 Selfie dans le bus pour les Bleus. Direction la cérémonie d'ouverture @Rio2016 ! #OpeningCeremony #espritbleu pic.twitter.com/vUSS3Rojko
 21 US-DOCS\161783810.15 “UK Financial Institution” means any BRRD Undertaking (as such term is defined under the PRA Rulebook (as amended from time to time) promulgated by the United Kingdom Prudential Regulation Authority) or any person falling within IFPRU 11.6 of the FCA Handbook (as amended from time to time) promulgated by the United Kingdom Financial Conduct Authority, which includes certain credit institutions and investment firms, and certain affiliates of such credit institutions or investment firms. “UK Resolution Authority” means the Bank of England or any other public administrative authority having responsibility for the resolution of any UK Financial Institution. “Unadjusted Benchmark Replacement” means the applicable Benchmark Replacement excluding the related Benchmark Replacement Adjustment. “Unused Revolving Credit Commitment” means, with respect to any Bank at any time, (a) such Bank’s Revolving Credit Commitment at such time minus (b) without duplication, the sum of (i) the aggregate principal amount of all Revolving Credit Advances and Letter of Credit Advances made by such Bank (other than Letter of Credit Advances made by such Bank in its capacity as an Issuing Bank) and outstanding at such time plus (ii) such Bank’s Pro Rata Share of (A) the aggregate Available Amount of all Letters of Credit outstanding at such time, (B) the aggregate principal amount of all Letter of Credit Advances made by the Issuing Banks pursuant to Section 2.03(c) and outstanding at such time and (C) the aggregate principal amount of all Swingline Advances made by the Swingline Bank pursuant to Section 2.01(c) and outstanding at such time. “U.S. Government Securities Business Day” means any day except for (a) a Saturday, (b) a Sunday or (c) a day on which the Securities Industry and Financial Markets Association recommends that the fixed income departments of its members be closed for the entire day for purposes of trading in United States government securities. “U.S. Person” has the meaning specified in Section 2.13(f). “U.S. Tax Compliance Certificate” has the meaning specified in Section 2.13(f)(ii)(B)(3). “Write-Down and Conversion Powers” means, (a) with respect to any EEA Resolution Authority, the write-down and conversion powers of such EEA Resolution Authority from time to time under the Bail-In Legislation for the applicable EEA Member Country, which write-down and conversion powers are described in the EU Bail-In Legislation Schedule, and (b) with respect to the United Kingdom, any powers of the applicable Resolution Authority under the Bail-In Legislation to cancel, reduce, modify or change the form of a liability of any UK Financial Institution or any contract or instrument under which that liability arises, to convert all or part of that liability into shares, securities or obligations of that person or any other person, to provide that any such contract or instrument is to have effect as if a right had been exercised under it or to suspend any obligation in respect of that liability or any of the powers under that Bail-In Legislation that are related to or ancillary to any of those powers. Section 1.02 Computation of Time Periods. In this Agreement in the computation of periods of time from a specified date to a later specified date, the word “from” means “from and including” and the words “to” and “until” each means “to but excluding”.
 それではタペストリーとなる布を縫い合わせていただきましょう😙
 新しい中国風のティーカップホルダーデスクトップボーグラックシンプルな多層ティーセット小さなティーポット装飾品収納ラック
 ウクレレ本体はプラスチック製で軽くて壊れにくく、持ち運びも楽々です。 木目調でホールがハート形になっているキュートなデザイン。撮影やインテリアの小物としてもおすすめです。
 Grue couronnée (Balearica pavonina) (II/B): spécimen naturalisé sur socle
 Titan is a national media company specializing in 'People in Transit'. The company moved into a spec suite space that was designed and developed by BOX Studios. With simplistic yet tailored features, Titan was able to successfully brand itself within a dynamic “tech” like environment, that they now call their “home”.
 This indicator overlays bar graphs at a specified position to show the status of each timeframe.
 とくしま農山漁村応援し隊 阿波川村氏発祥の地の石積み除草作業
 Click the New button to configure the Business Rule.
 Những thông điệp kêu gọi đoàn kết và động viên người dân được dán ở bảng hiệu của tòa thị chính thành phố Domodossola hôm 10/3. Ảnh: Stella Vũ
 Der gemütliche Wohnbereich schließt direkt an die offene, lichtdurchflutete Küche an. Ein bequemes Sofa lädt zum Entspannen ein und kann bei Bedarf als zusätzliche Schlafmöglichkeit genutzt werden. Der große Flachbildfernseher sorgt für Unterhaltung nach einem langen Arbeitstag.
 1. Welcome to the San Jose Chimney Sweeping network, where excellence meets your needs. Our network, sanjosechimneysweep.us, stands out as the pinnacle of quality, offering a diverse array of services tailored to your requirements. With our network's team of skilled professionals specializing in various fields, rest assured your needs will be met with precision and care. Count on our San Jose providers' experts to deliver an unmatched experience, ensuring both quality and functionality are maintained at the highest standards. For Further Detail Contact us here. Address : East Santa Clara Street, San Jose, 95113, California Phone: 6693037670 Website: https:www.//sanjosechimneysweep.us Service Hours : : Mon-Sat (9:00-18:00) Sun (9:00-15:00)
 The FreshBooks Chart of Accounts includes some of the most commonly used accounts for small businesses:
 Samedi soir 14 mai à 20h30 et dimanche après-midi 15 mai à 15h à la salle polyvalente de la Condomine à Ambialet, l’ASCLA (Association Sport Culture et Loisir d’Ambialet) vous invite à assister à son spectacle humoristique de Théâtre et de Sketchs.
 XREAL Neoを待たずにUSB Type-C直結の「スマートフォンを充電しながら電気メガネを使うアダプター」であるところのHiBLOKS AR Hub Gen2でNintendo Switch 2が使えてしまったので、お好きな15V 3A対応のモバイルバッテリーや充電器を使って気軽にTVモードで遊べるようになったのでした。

■ Exercise directions: Taking the material above one line at a time, count the lines that include "tailored" as a word or string, and give only that number.

■ Response to this exercise: 2